Seramiğin en zevkli ve en zor kısmı sırlama ve fırınlama süreci. Adı üzerinde ‘sır’. Hayal ettiğiniz sonucu elde etmeniz için çok fazla deneme yapmanız gerekiyor ve üretim, sürecin uzunluğundan dolayı yorucu olabiliyor. Bazen de fırından o kadar güzel sürpriz efektler çıkabiliyor ki bunun mutluluğu her şeyi unutturuyor. Tüm pişim süreci fırının içinde olduğundan o fırını açarken yaşadığınız kalp çarpıntısıyla karışık heyecan duygusu tarif edilemez. Cam üretimi tam bir fizik dersi gibi, yer çekimini kullanıyorsunuz, soğuma ısınma dengesi ile oynayarak şekil veriyorsunuz, merkez kaç kuvveti ile farklı formlar deniyorsunuz, bunlar çok eğlenceli. Zorlandığım aşama da alevle çalıştığımız için üretim aşamasında cama hiçbir zaman dokunamamak. Bir de sıcak havalarda cam yapmak biraz bunaltıcı oluyor.
-
Ürettiğiniz işler malzemenin doğası gereği uzun yıllar dayanıklılığını koruyor ve gelecek nesillere de kalabiliyor. Cam ve seramik işlerin zamana dayanıklı olması bu malzemeyle üretimlerin sürekliliğini ve belki tekniklerin gelişmesini olumlu etkilemiş midir?
Bu iki malzeme de hem sağlıklı hem de çok uzun yıllar dayanıklılığını koruduğu için hayatımızın içinde düşünemeyeceğimiz kadar her yerdeler. Örneğin seramik sırı veya kendinden renkli bir cam, boya gibi güneşten ve sudan etkilenmez. Bu kadar kıymetli iki materyal, bir de hammaddelerinin ulaşılabilir olmasını eklersek, birçok sektörde kullanılmak üzere büyük yatırımlar almakta ve teknik geliştirilmelerden olumlu yönde etkilenmektedir. Porselen dişten, temperli araba camlarına kadar birçok ürün bu malzemelerin ileri teknolojik formları.
İki Farklı Koleksiyon
-
Cam ve seramik alanında- global anlamda- beğendiniz isimler ve işler var mı?
İki malzemeyi de çok sevdiğimden eski yeni çok fazla beğendiğim iş, sanatçı ve marka var. Emile Galle’nin yeri apayrı. Amber Cowan, Lilla Tabasso ve asistanlığını yaptığım Emma Varga’yı da çok beğeniyorum.

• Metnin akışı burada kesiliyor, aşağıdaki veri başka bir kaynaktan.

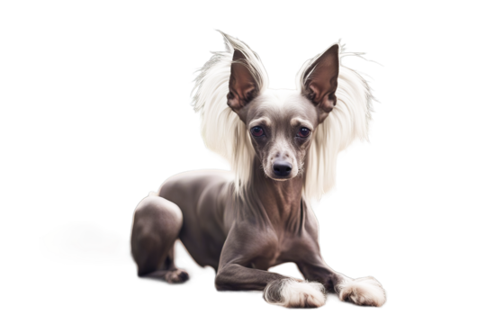 Cute American Hairless Terrier Dog isolated on white Transparent background. Resting Dog Lying Down Isolated on White Background
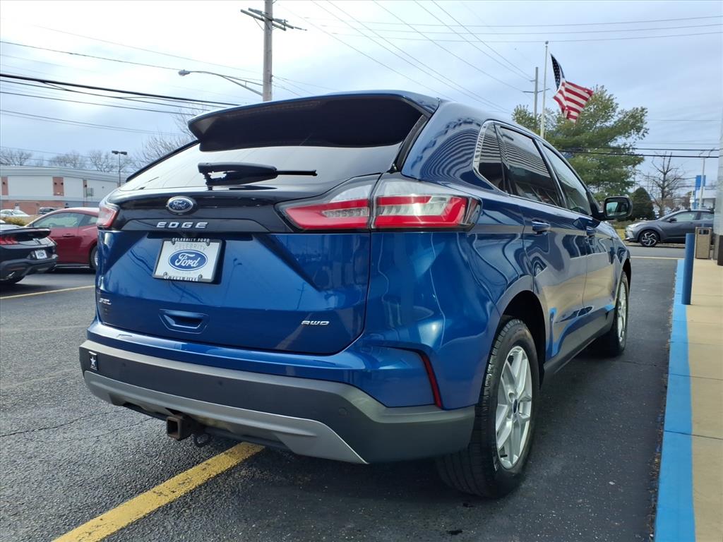 Clean CARFAX. CARFAX One-Owner. Atlas Blue Metallic 2022 Ford Edge SEL AWD 8-Speed Automatic EcoBoost 2.0L I4 GTDi DOHC Turbocharged VCT 21/28 City/Highway MPG AWD.
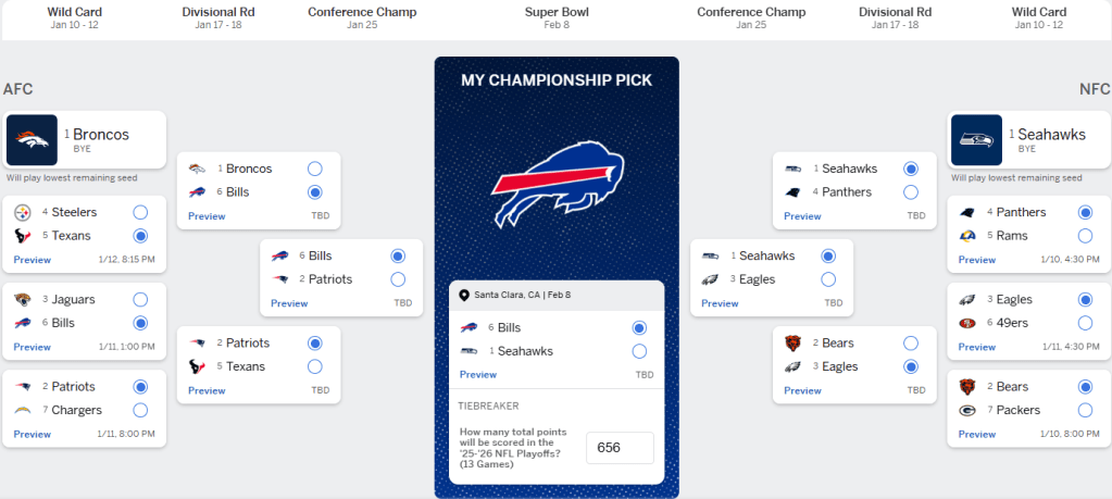Unreasonable reasoning: The Seahawks had the better record, have the better overall team, and should win the Super Bowl. The Bills have Josh Allen and the NFL gods owe Buffalo a win.
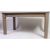 A 1970's upholstered teak wood and painted shabby chic refectory table raised on squared supports with scrub top. H78 x W153 x D97 cm
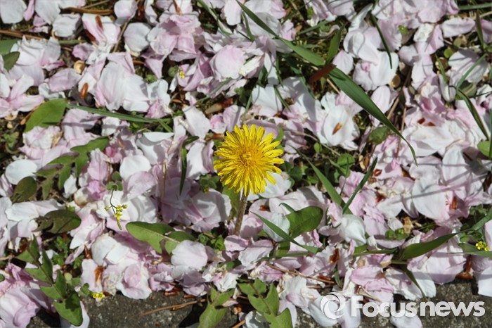 (서울=포커스뉴스) 15일 경기 용인시 명지대학교 자연캠퍼스 화단에 샇은 벚꽃잎들 사이로 민들레가 노랗게 피어 있다. <사진제공=명지대학교>
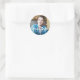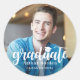 Modern White Script Graduation Photo Name Classic Round Sticker
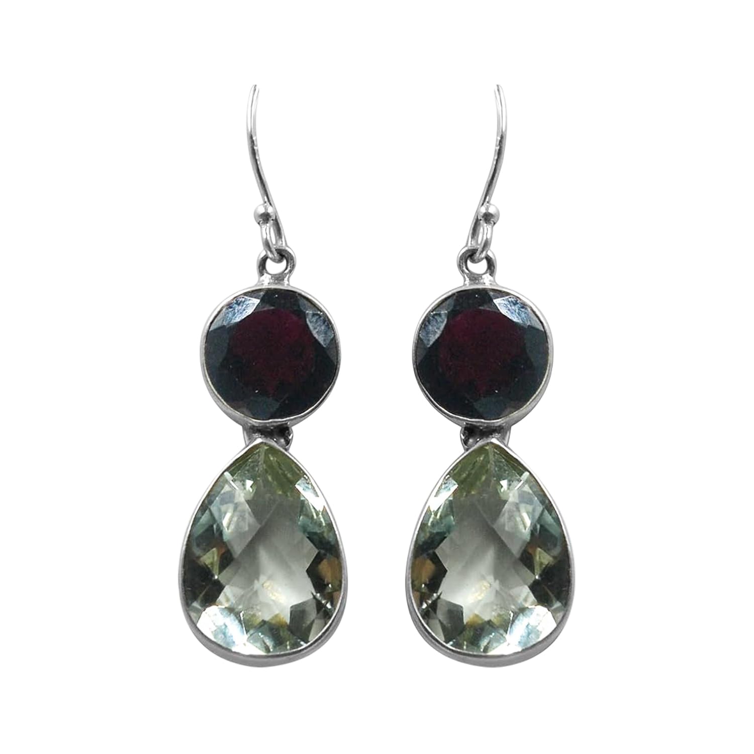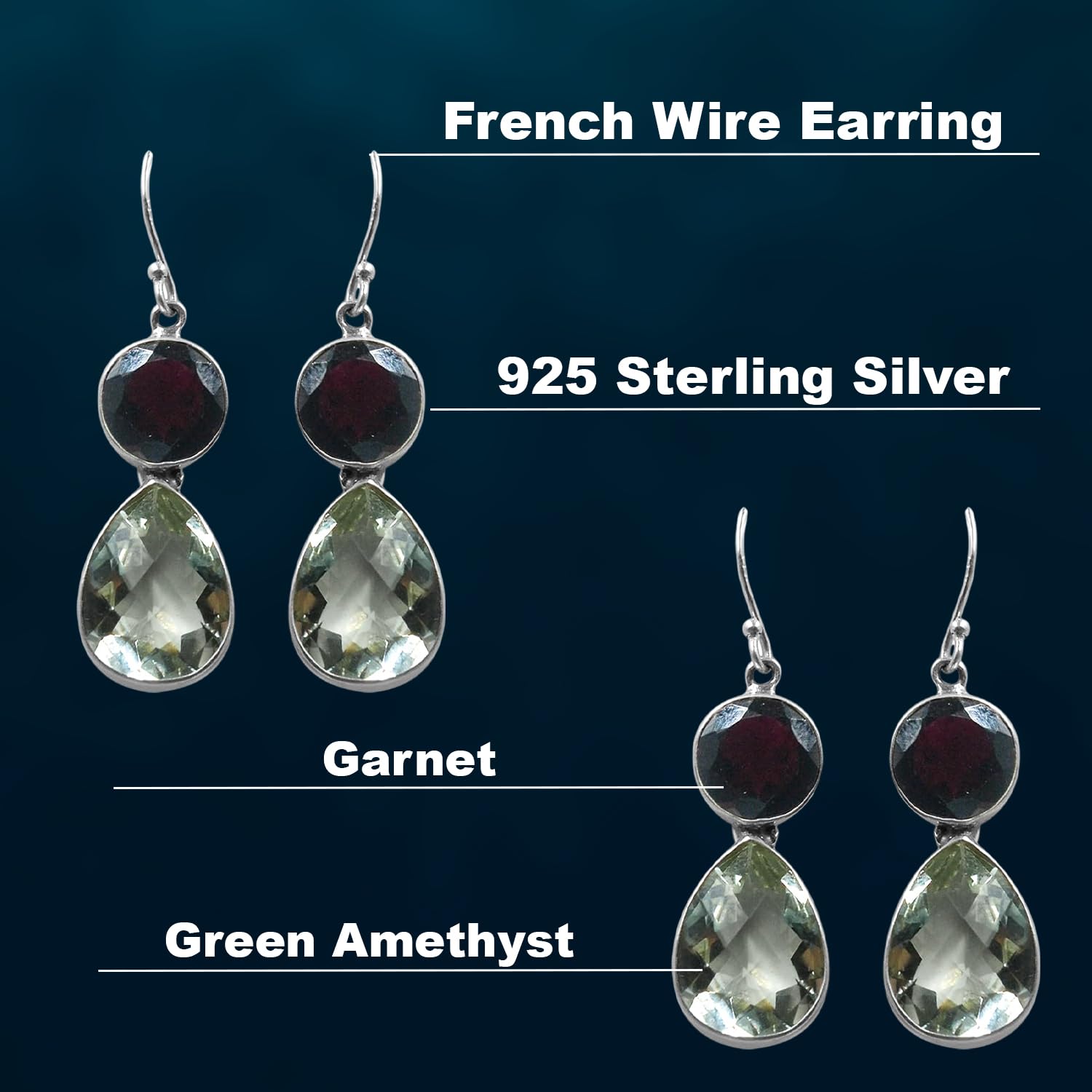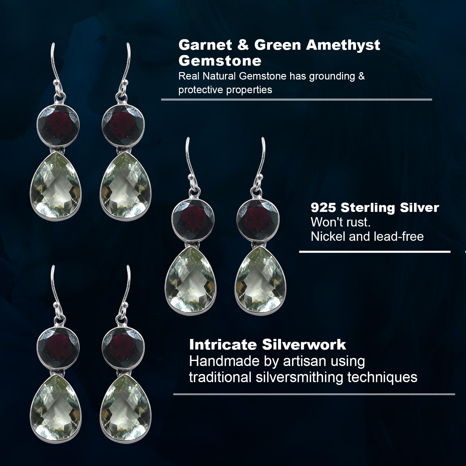 Garnet & Green Amethyst Earring For Women, Gemstone Earring, Handmade Dangle 925 Sterling Silver Earring
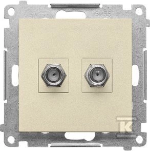 Gniazdo antenowe typu „F” podwójne (moduł). Do instalacji indywidualnych.: Szampański mat, SIMON55 o numerze katalogowym TASF2.01/144 w kategorii Łączniki i gniazda instalacyjne>Gniazda teleinformacyjne, multimedialne. Produkt wyprodukowany przez markę KONTAKT-SIMON, seria SIMON 55.
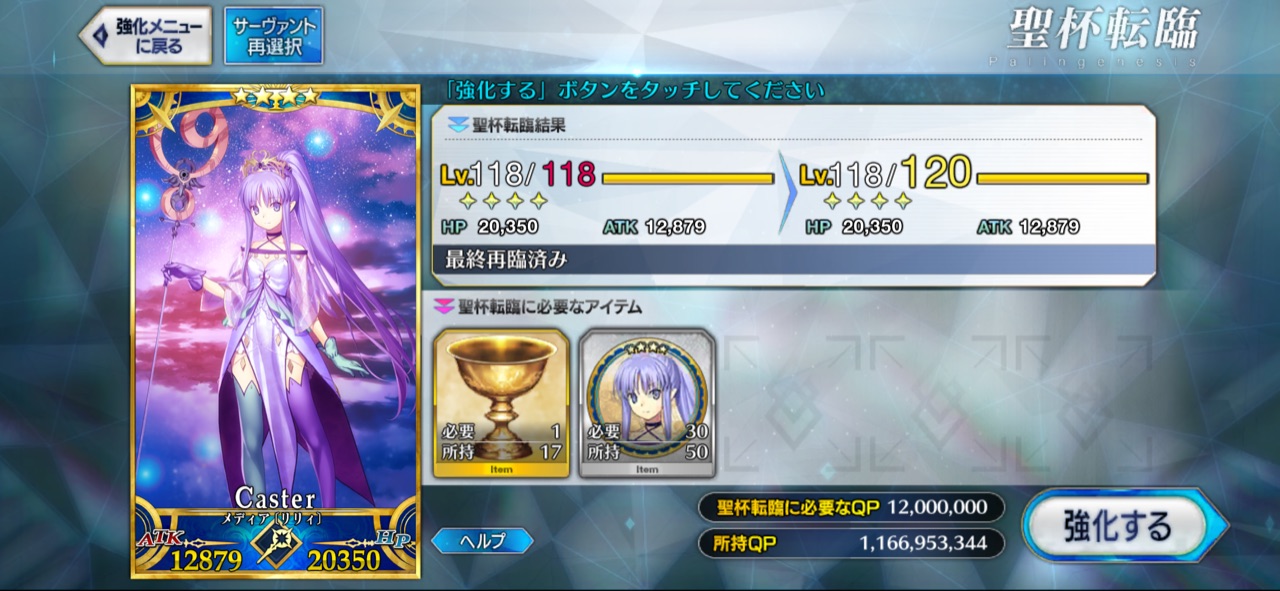 キャラ育成に寿命の概念を持ち込むインフレの極カノウ:ピュアプリズム以外ですと、サーヴァントコインですね。これも以前からやりたいと思っていたことのひとつで、宝具レベルを上げること以外にも、サーヴァントの成長に幅を持たせるものを実装するにいたったというわけです。
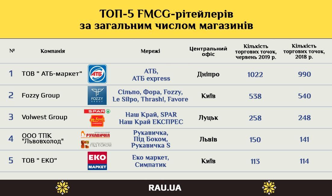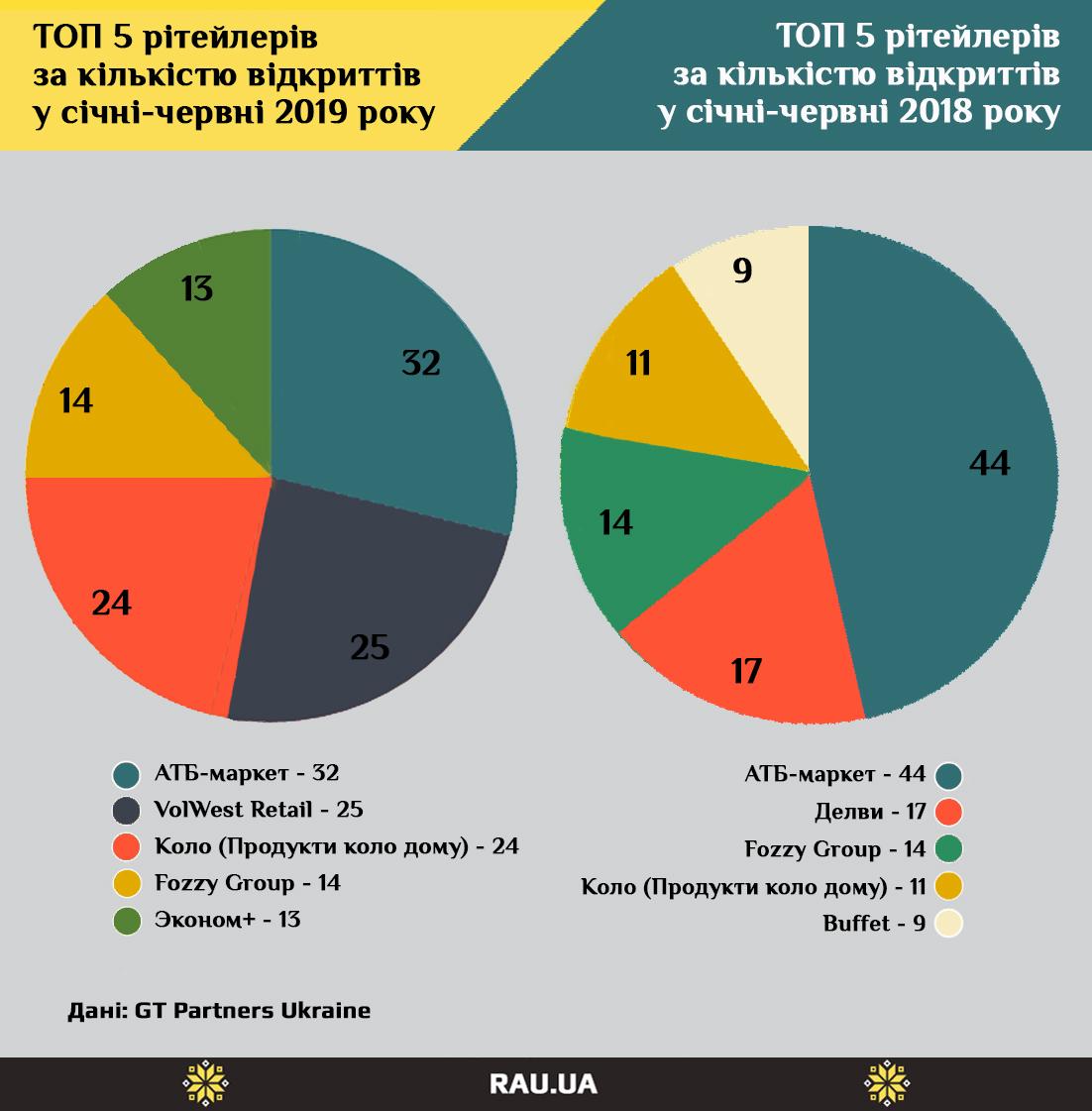Стоит отметить, что по сравнению с аналогичным отчетом годичной давности каких-либо глобальных потрясений и пертурбаций среди топ-5 игроков рынка не произошло: «на манеже все те же». Лидеры уверенно сохраняют, а то и наращивают, отрыв, но «команды средней группы» не собираются отставать и так же активно открывают новые магазины. В целом первая пятерка продуктовых операторов Украины по количеству магазинов по сравнению с I полугодием 2018-го не поменялась: АТБ, Fozzy, Volwest Group, Рукавичка, ЭКО маркет.
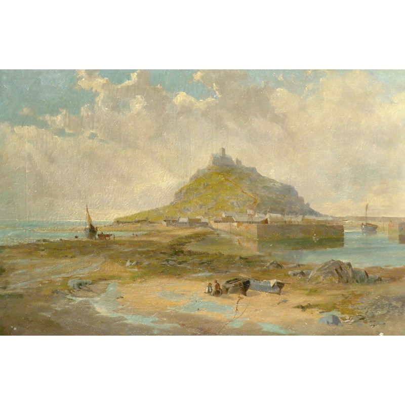 View of Saint Michael's Mount, Cornwall, with figures on the shore
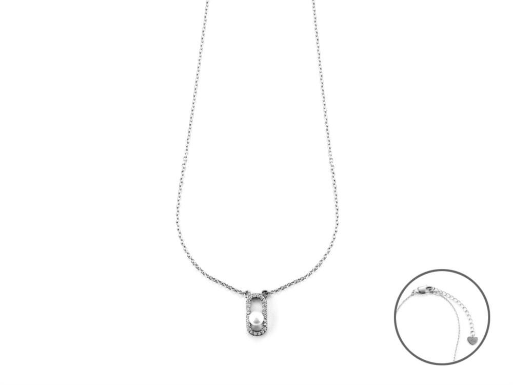 Collana donna 4us cesare paciotti, 4UCL6098W, collezione autunno inverno, in argento 925 rodiato con zirconi bianchi e perla, lunghezza 40cm+5cm di estensione

Seramikte Alev Ebüzziya’nın yeri çok özel, işleri hem çok bizden hem de çok evrensel ve zamansız. Elif Uras’ı da çok yetenekli buluyorum. Bir de Ayten Turanlı ve Anton Alverez’e hayranım.
-
Gelecek projeleriniz?
Uzun zamandır aklımda olan, her biri tek, sanatsal değeri daha fazla olan iki farklı koleksiyon üzerinde çalışıyorum.